- **Exercise goal**: When the line with "In der Praxis" turns up below, begin repeating exactly, and carry on through the line with "El 4 de julio"; no pictures go into the copy.

- **Extracted records**:
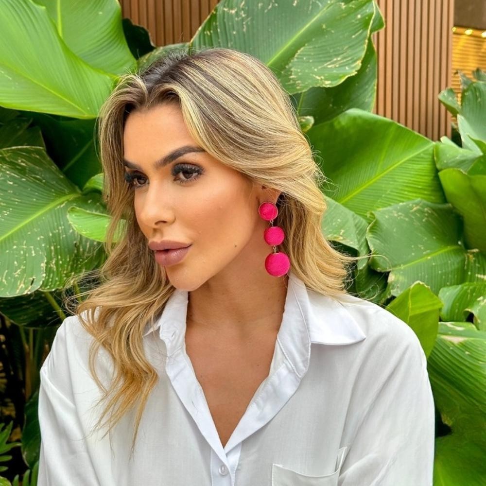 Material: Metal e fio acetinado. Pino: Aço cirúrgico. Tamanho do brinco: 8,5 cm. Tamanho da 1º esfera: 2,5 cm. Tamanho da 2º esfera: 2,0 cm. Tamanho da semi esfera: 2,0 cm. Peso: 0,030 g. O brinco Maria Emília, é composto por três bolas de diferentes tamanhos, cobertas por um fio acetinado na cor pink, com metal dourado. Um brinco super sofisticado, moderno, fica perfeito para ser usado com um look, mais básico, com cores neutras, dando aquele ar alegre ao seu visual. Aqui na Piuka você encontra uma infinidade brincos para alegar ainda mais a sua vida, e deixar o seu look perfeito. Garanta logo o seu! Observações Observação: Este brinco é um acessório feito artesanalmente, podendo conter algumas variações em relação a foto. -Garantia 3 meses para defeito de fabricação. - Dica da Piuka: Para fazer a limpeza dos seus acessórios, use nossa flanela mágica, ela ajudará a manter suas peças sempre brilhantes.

* * *

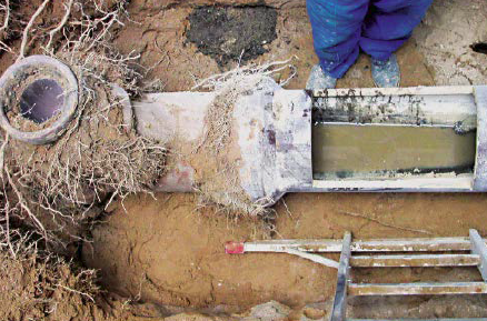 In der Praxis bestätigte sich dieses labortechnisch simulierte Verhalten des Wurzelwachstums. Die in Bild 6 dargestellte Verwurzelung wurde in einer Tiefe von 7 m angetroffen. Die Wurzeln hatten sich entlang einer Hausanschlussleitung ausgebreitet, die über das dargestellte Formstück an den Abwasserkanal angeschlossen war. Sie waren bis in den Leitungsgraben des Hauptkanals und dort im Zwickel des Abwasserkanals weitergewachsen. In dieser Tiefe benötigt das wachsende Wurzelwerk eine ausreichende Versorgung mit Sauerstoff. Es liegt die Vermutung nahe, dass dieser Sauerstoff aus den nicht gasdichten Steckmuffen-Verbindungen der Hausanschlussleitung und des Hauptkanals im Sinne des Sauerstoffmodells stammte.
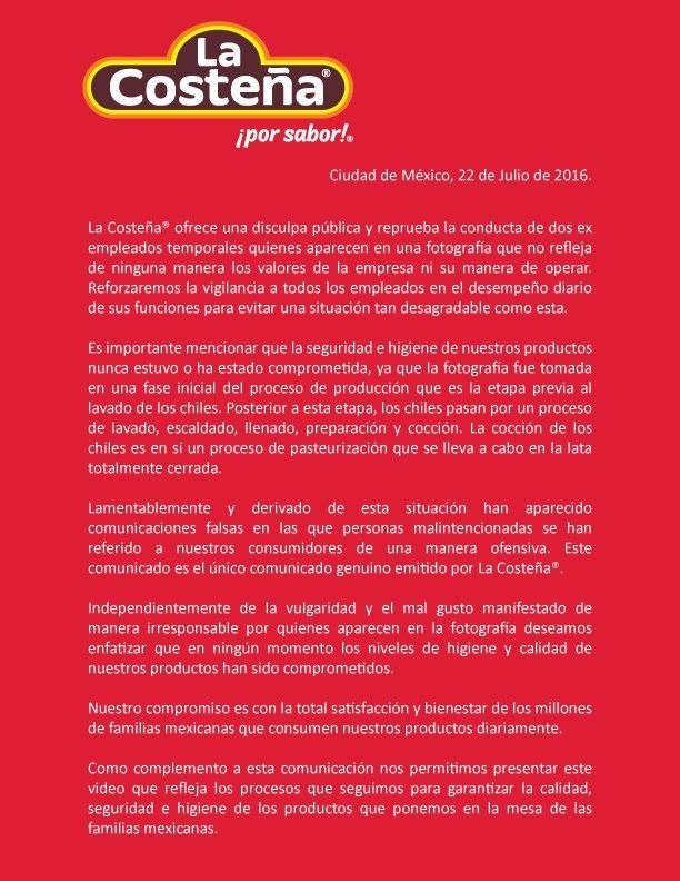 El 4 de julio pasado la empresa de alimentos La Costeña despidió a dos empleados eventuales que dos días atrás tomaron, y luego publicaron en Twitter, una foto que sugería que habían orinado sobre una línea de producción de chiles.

...

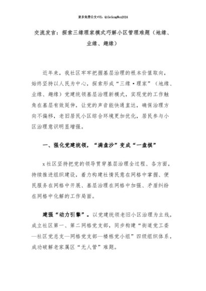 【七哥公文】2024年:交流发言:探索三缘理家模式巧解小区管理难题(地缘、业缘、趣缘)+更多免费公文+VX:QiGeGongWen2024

- **The completed task**:
 In der Praxis bestätigte sich dieses labortechnisch simulierte Verhalten des Wurzelwachstums. Die in Bild 6 dargestellte Verwurzelung wurde in einer Tiefe von 7 m angetroffen. Die Wurzeln hatten sich entlang einer Hausanschlussleitung ausgebreitet, die über das dargestellte Formstück an den Abwasserkanal angeschlossen war. Sie waren bis in den Leitungsgraben des Hauptkanals und dort im Zwickel des Abwasserkanals weitergewachsen. In dieser Tiefe benötigt das wachsende Wurzelwerk eine ausreichende Versorgung mit Sauerstoff. Es liegt die Vermutung nahe, dass dieser Sauerstoff aus den nicht gasdichten Steckmuffen-Verbindungen der Hausanschlussleitung und des Hauptkanals im Sinne des Sauerstoffmodells stammte.
 El 4 de julio pasado la empresa de alimentos La Costeña despidió a dos empleados eventuales que dos días atrás tomaron, y luego publicaron en Twitter, una foto que sugería que habían orinado sobre una línea de producción de chiles.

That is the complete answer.